6. By the way, here's a truth which our mainstream media will make every effort to ignore:
While the Saudis claim that Iran supports the Houthis in Yemen there is not the slightest proof for that assertion. There have been no Iranians found in Yemen and no Iranian weapons. The Houthis the Saudis fight in Yemen are not Shia like the Iranians but are nearer to Sunni Islam than to Iranian 12er Shia. There has been no evidence that Houthis have received anything from Iran and all stories about Iranian weapon shipment to Yemen turned out to be false.
FINALLY: THIS ONE WORD, INSUFFICIENT AS IT IS...
Thanks.
13 comments:
You have my sympathies. I wouldn't wish the Big Bang Theory on my worst enemy.
Now that you are better, I noticed an uptick in the number of stories you were posting and had begun to wonder if you were on some type of mad crusade against time. Apparently yes.
I just came up with a conspiracy theory. As the stakes get more expensive for professional sports, the Cable Networks are gobbling up more and more of the major league sports telecasts, leaving very little for us Free TV'rs to watch. This could explain the turning of the world's affairs into almost a sport like contest in which Donald Trump is League Executive with many in the free tv audience watching every move, as if it were a sports contest, because Free TV has virtually zero live sports events on it these days when it comes to college football playoffs.
Joseph, you wrote a few weeks ago that Saudi Arabia is upset with the drop in price of their petroleum, can their mass executions be a way to shake things up in the middle east in an attempt to raise the price of oil?
Welcome back, Joe!
Welcome back, glad to hear you're feeling spry again. Thank you for the report of "how it felt". Husband has a stent, and he has told me that his experience was much like your own, though not as extreme beforehand. As he didn't feel as badly as you did he asked his Doc. if he could wait the several months until Medicare would kick in, but was told "only if you want to die first". :-(
igd says:
Congrats on coming through your cardiac event still breathing and with a good prognosis. We gentleman of a certain age need to pay attention to these sorts of things.

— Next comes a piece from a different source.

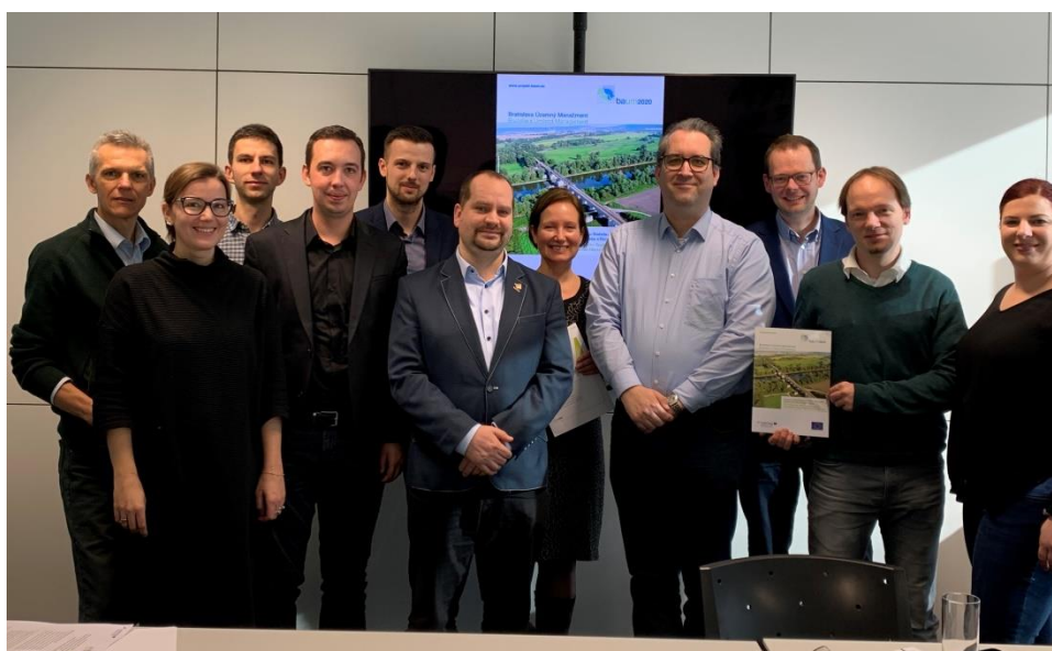
Pracovné stretnutie dopravných združení VOR a BID vo Viedni

Snahy o zachovanie autobusovej linky Bratislava-Hainburg: Autobusové spojenie Bratislava-Wolfsthal-Hainburg je v rámci cezhraničnej verejnej dopravy hlavnou tepnou medzi Hainburgom a Bratislavou. Koncom roka 2019 bola linka 901, ktorú dlhé roky financoval a prevádzkoval Dopravný podnik Bratislava, zrušená aj z dôvodu nerentabilnej prevádzky. Spojenie však plynulo prevzal súkromný poskytovateľ Slovak Lines. Linka zatiaľ nebola integrovaná do niektorého z dopravných združení, a preto sa na ňu nevzťahuje poskytovanie verejných dotácií; táto situácia je z hľadiska dlhodobého udržania linky neuspokojivá. Projekt baum2020 preto 23. januára 2020 zorganizoval vo Viedni stretnutie zamerané na koordináciu dopravných združení VOR a BID (Bratislava), ako aj mesta Bratislava. Záver: Spoločným cieľom je integrácia linky do jedného zo združení, a tým dosiahnutie dlhodobého (finančného) zabezpečenia cezhraničného autobusového spojenia. Uzavrela sa dohoda, že sa pre dosiahnutie cieľa budú počas roku 2020 koordinovane aktívne prijímať opatrenia na regionálnej a národnej úrovni.

And the Houthis actually are Shi'ites, even if they're the comparitively primitive(i.e "Sunni like") Fiver branch or Zaydiyah. But the notion that they're the catspaw of the Iranians, as advanced by MSM, appears unsupported by any facts on the ground. The MSM also tend to gloss over that the Houthi's have considerable support from the former President and army units loyal to him.
Good to hear you feel better...
I'm glad you're back. Start taking some CQ10 in liquid form for cardiac health
Welcome back, Joseph. Sounds like you're better than new. Someone close to me had a similar outcome after treatment for a mild stroke. Capitalize on your good fortune!
The best reason I can think of for maintaining our good health is that we can continue to educate the young about the crimes of the Bushcists, we can continue to press for accountability, and we can hope to live long enough to see Bush, Cheney, Rummy, Feith, Addington, Libby, Wolfowitz, Yoo, Bybee, Rice, and Murdoch face their Pinochet moments.
Welcome back, Joseph. Take care of yourself.
Thank you, Phil.
Thanks for the tip about CQ10...
Thanks to EVERYONE.
The liquid form of CoQ10 is not readily avsilable...I've only seen it in Costco. My mother orders hers online. Made by Qunol. Glad to hear you're feeling better, and thanks for the symptom rundown!